Nous voilà donc à marcher, nager, rouler, ou rester là, immobiles, à contempler des images, à nous représenter l’image d’une clé qui ouvrirait la porte d’une vérité. Ce n’est jamais la bonne clé mais on apprend à faire avec, à ressasser, plus ou moins sereins, des espoirs, des inquiétudes. Nous aimerions savoir si nous sommes présents sur l’image et quelle place nous y occupons, si nous sommes bien au cœur du monde ici à regarder passer ce qui passe, la lumière du ciel, les arbres qui se penchent vers nous, les images où nous sommes figurés toujours un peu trop flous. On craint d’être oublié à cause de tout ce flou.

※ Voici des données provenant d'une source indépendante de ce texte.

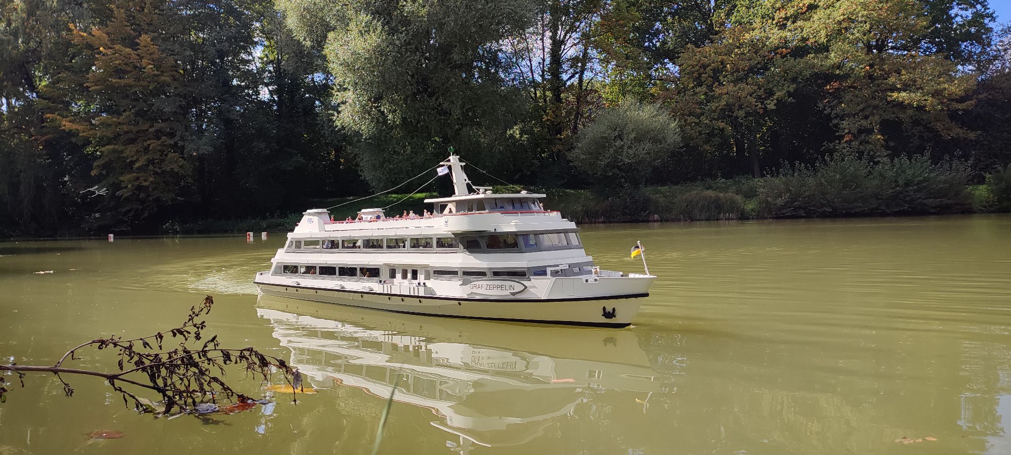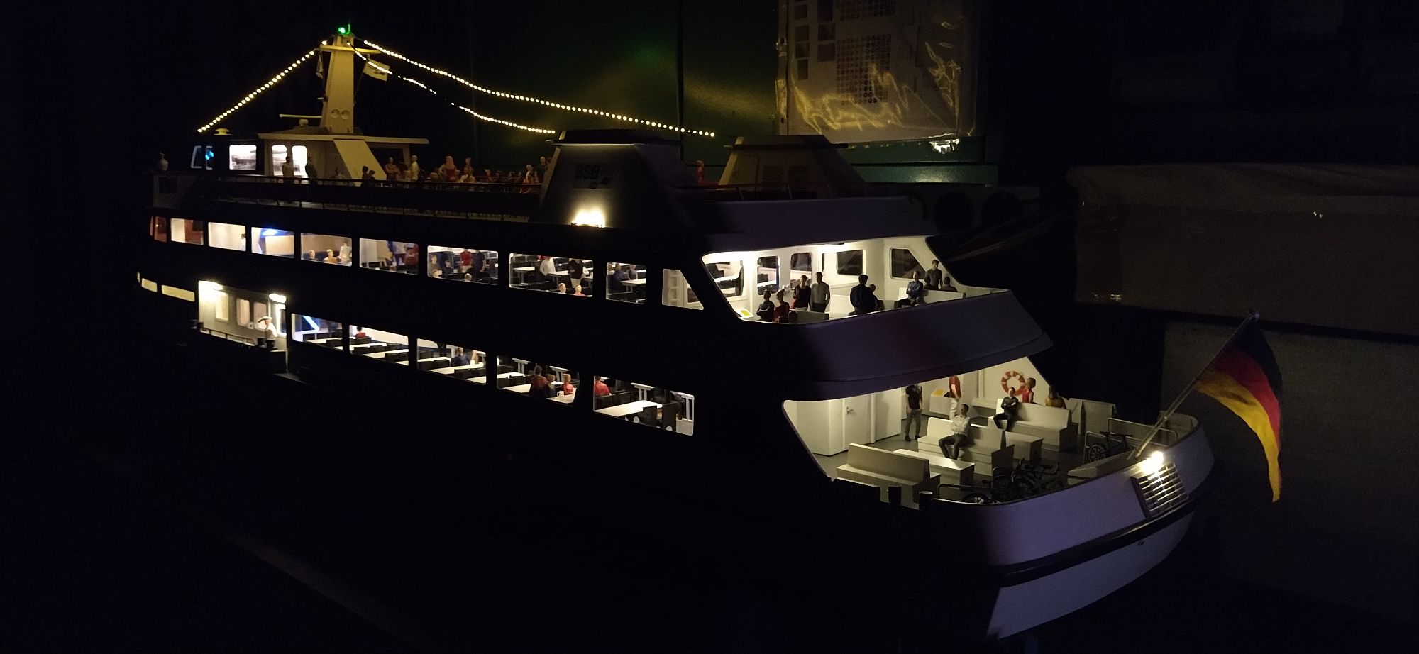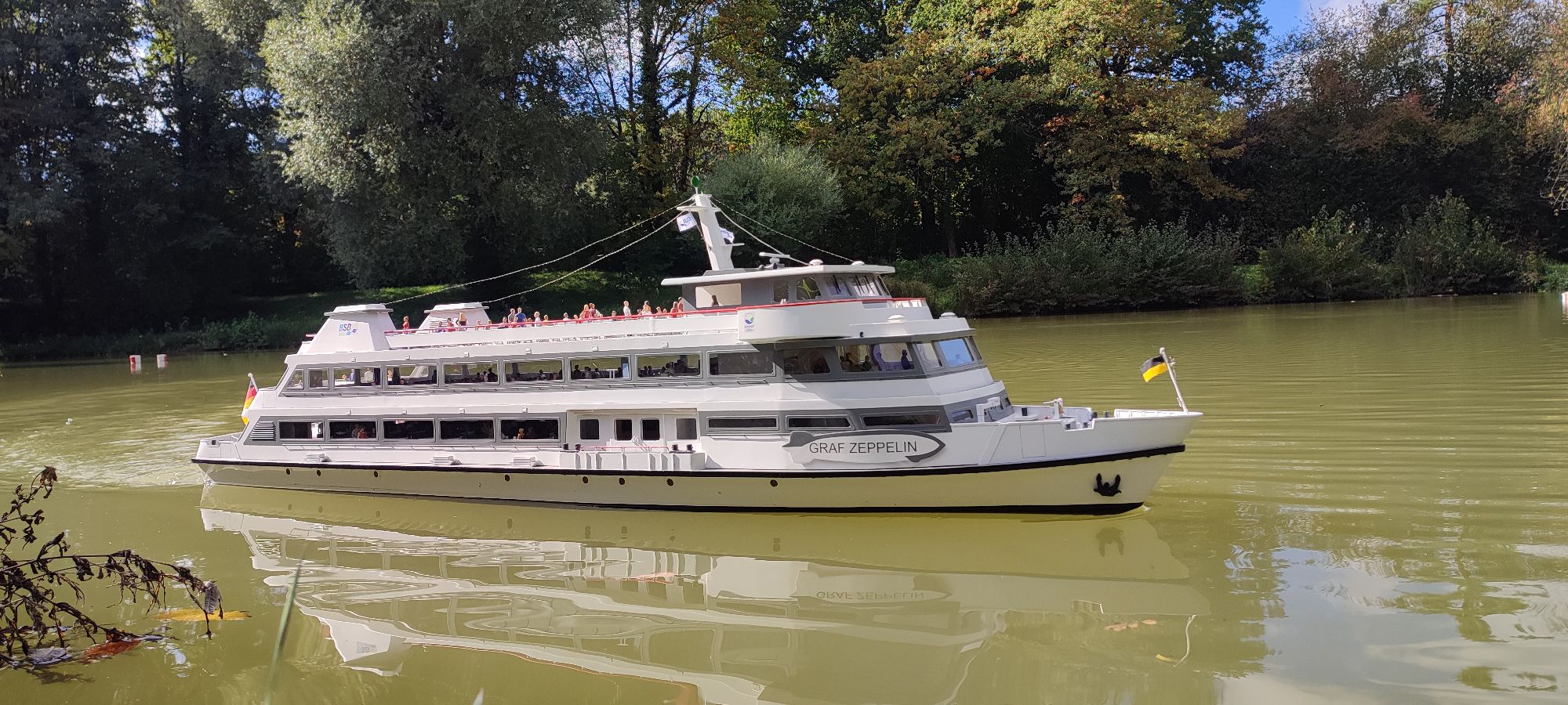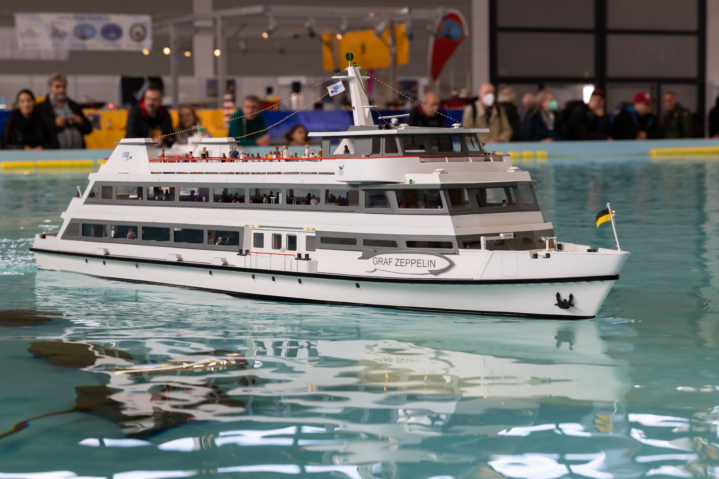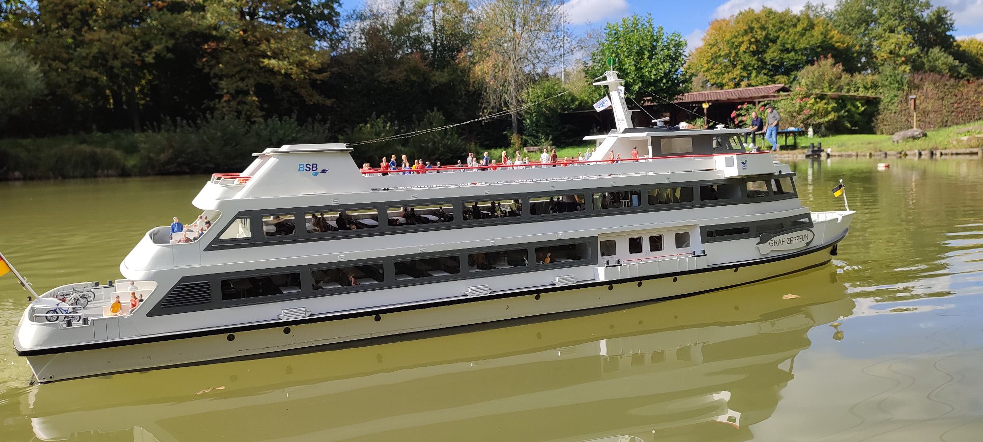 Das Fahrgastschiff “ Zeppelin” wurde anhand von Generalplänen im Maßstab 1:35 erbaut. Die Schale selbst wurde aus GFK erbaut. Die kompletten Aufbauten wurden aus Flugzeugsperrholz gefertigt. Die komplette Inneneinrichtung wurde mittels tausenden von gemachten Fotos nachempfunden. Sämtliche Stühle, Tische oder Details - z.B. auch Feuerlöscher wurden am PC konstruiert und mit zwei 3D-Druckern (FDM und SLA) produziert. Das Modell wird im Zustand aus dem Jahre 2006 dargestellt.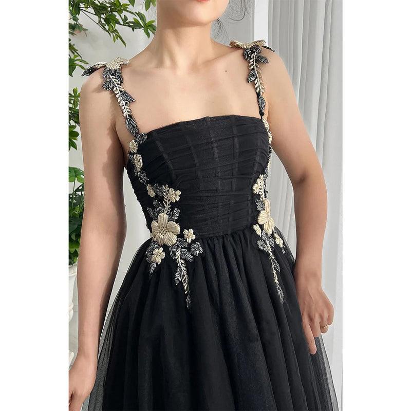 Vestido de noche de fiesta con apliques florales y tirantes finos de tul en forma de A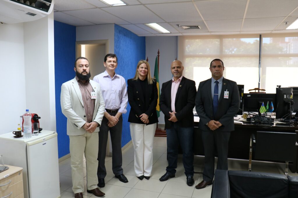 Representantes do SINDOJUS-GO reuniram-se com a superintendente da Polícia Federal em Goiás, dra. Marcela Rodrigues de Siqueira Vicente, e com o delegado federal Raul Alexandre Marques de Souza, no último dia 31 de março. Na pauta da reunião, o porte de arma para o Oficialato de Justiça. O sindicato iniciou tratativas para auxiliar na questão. O sindicato foi representando pelo seu presidente, Eleandro Alves Almeida; pelo diretor de Núcleo Político e Comunicação, José Moizaniel Formiga Dias; e pelo secretário-geral e diretor de Núcleo de Assuntos Sindicais, Sociais e coordenador de Regionais, Alessandro Gonçalves Barbosa.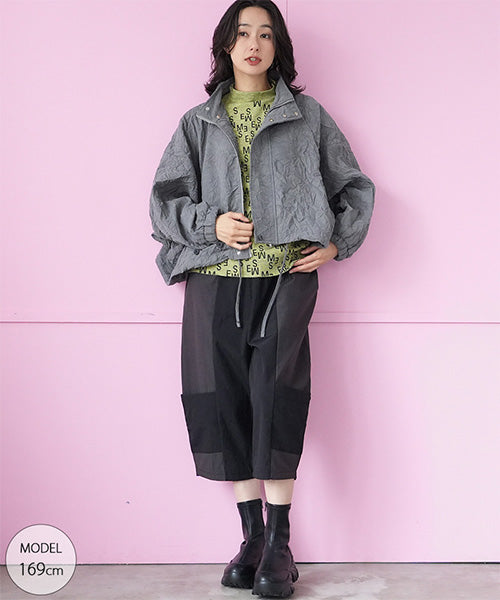 トレンド感のあるショート丈と、ドローコード付きの裾でシルエット調整も自在。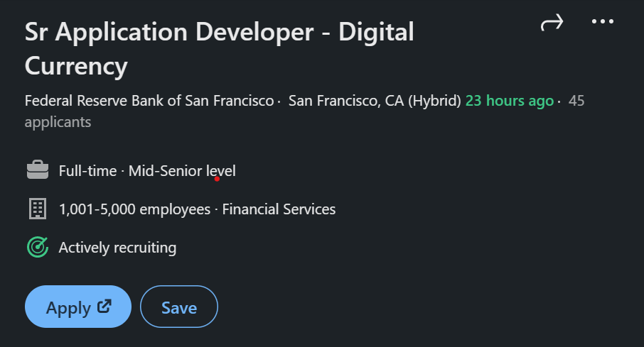 18 февраля SF Fed опубликовала вакансию «старшего разработчика приложений — цифровая валюта». Ожидается, что кандидат поможет Федеральной резервной системе в разработке и внедрении систем, имеющих решающее значение для исследований CBDC. Раскрывая свои намерения, пост SF Fed гласил: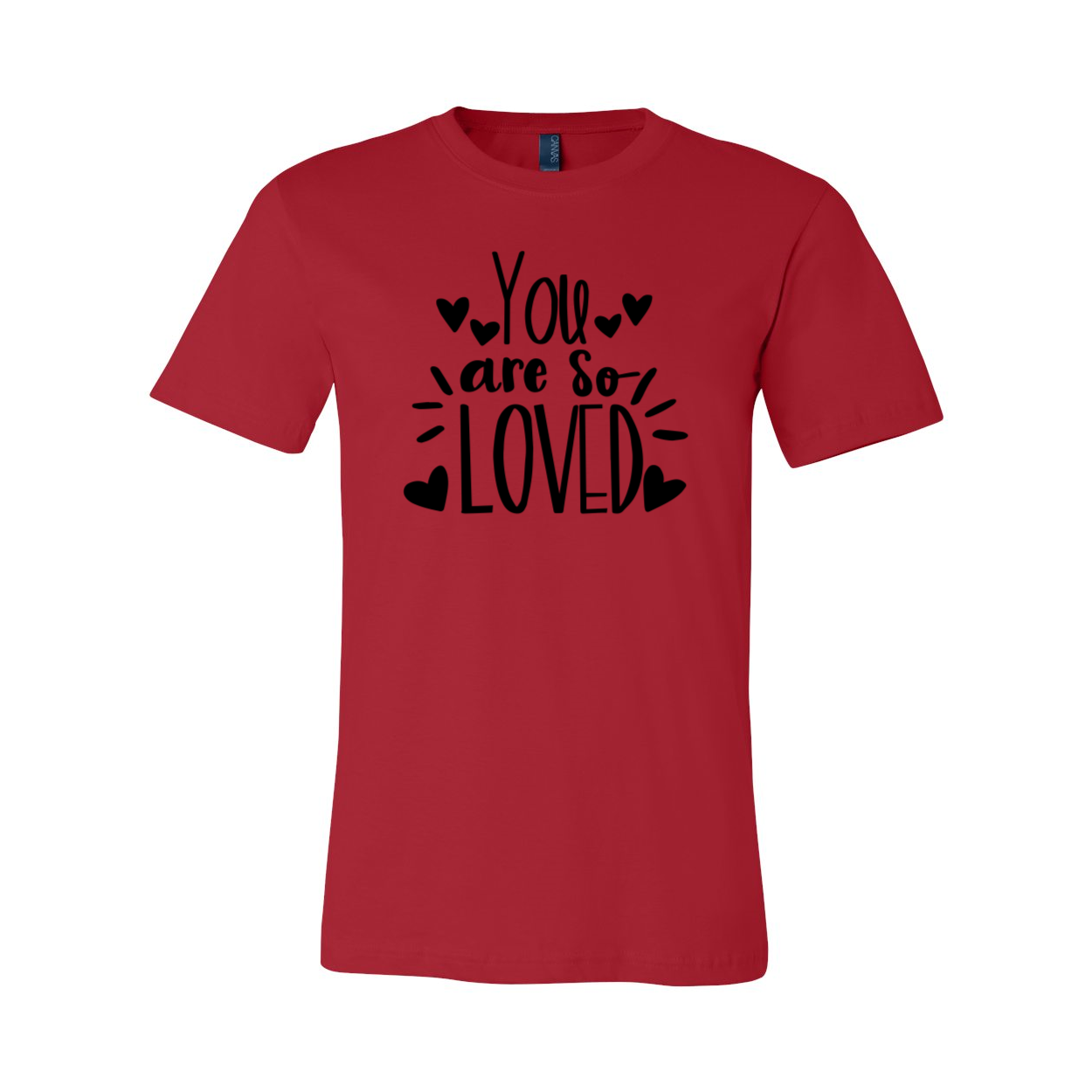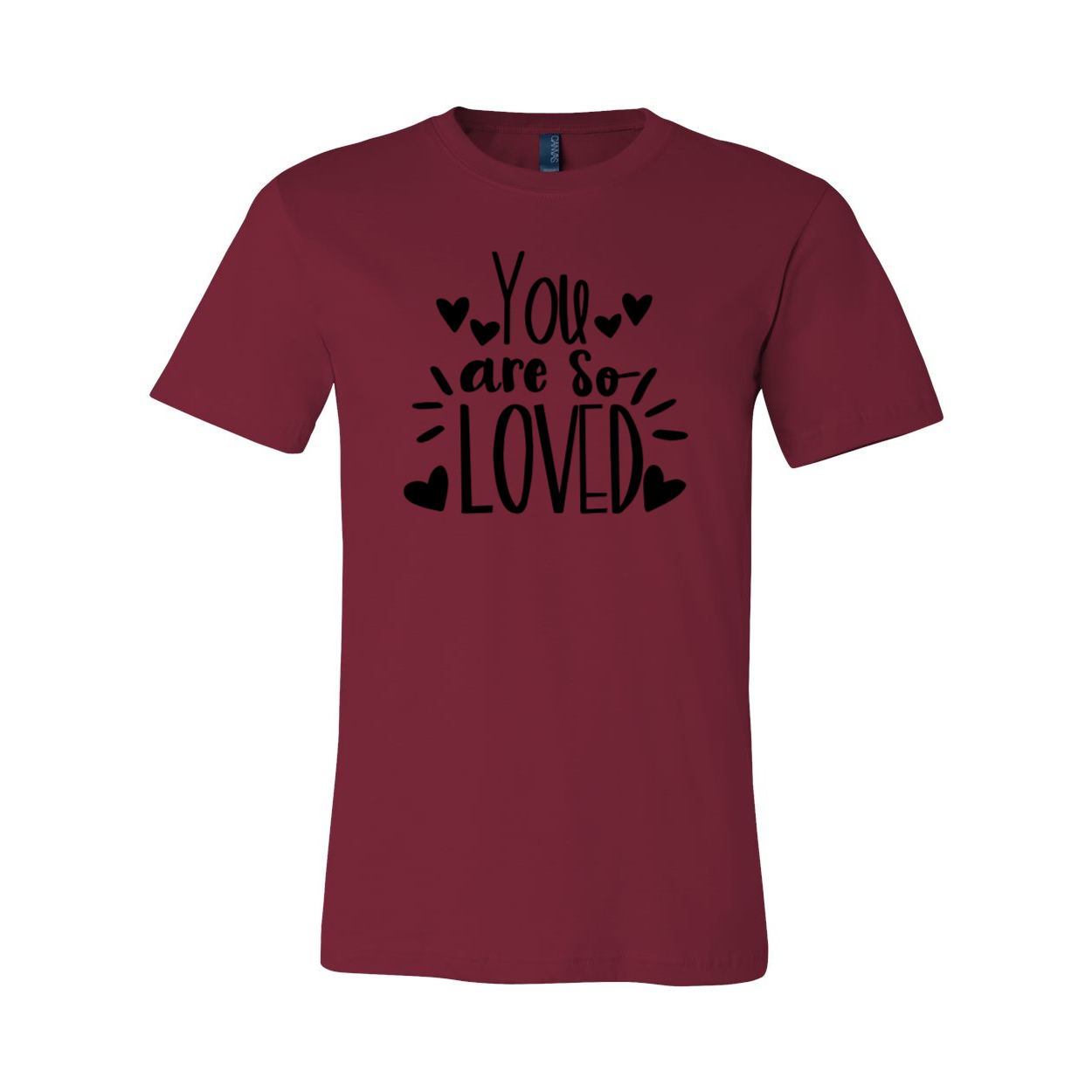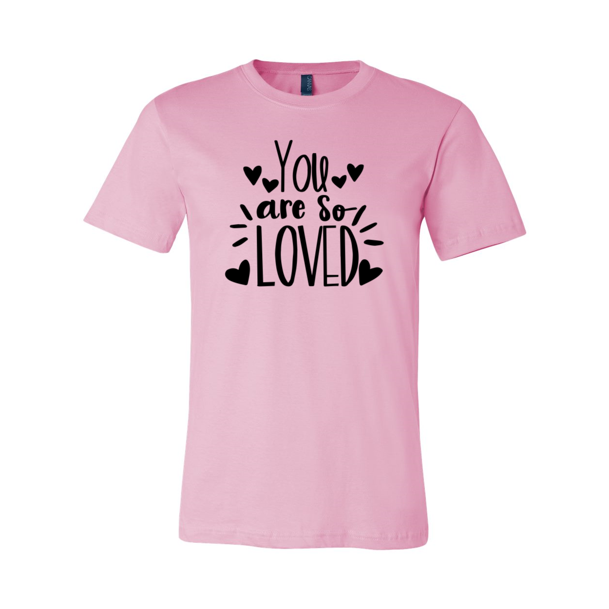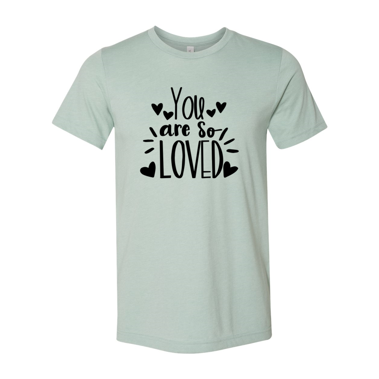 A unisex T-shirt in various colors featuring the phrase 'You Are So Loved' printed on it, made from soft ring spun cotton.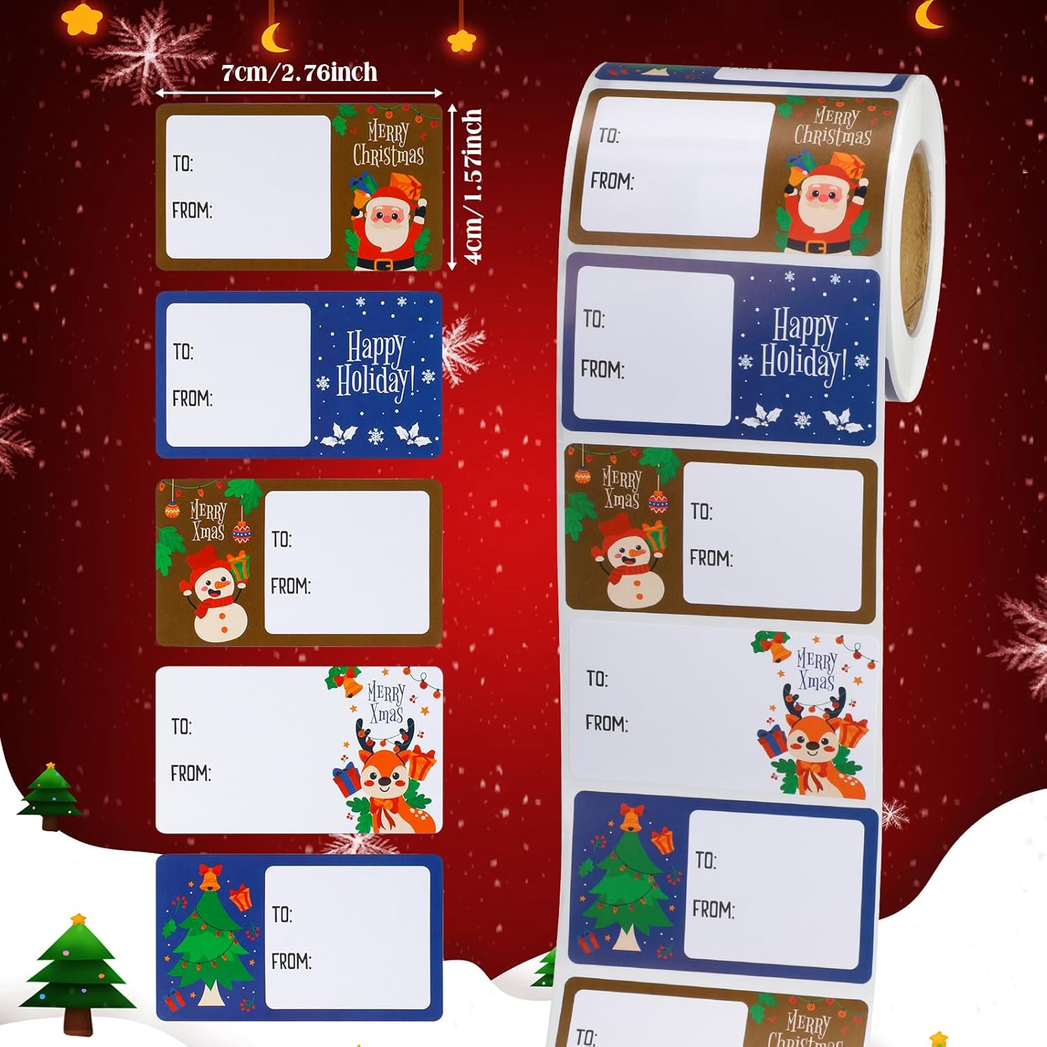 Outus 500 Pieces Christmas Tags Self Adhesive Gift Tags for Xmas Presents Christmas Name Labels Stickers for Wrapping Paper Festival Birthday Holiday Decor(Modern Style,2.76 x 1.57 Inch)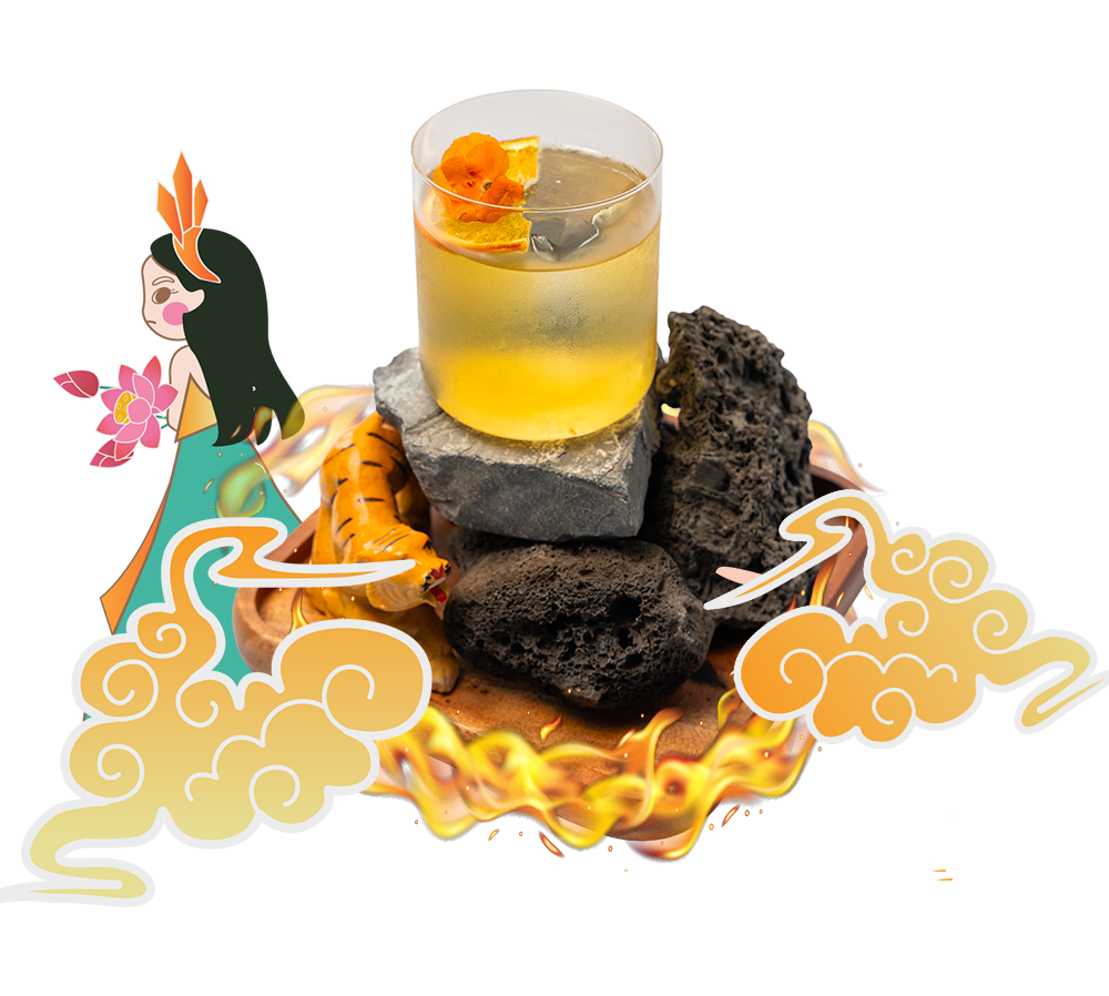 An earth-shattering battle where the Purple Rice Wine of the Land confronts the smoky Laphroaig of the Sea. The conflict erupts with the fiery heat of ginger, creating a symphony of flavors—complex, powerful, and dramatic.

Je me souviens de la route nationale 94. Je l’ai emprunté quasiment chaque jour ouvrable pendant 25 ans. Durant de très nombreuses de ces années, presque chaque jour, dans la traversée d’un village rue, certainement devant sa maison, à un mètre de la chaussée était assis sur une chaise pliante un vieil homme qui, la journée durant, regardait passer les voitures. Quelle vérité du monde cherchait-il dans cette répétition immuable de la même scène ? Le reflet d’un film à jamais en suspens dans les détails du paysage ?… Nous marchons, nous
roulons, écrivons, photographions à la lisière du cœur du monde et nous sommes aussi sur l’image que fabrique un vieil homme
assis sur une chaise pliante au bord de la route. Et nous nous efforçons d’être présent, de ne pas perdre de vue les détails du peu qui passe.

« Les vagues et les jours c’est pareil
On dort on bronze on baise on dort
Les nuits d’orage on se réveille
Sur un matelas de poissons morts
Le soir, on dénoue ses godasses
On s’coue l’sable et le varech
Le lendemain, on les relace
On s’rait mieux de dormir avec… »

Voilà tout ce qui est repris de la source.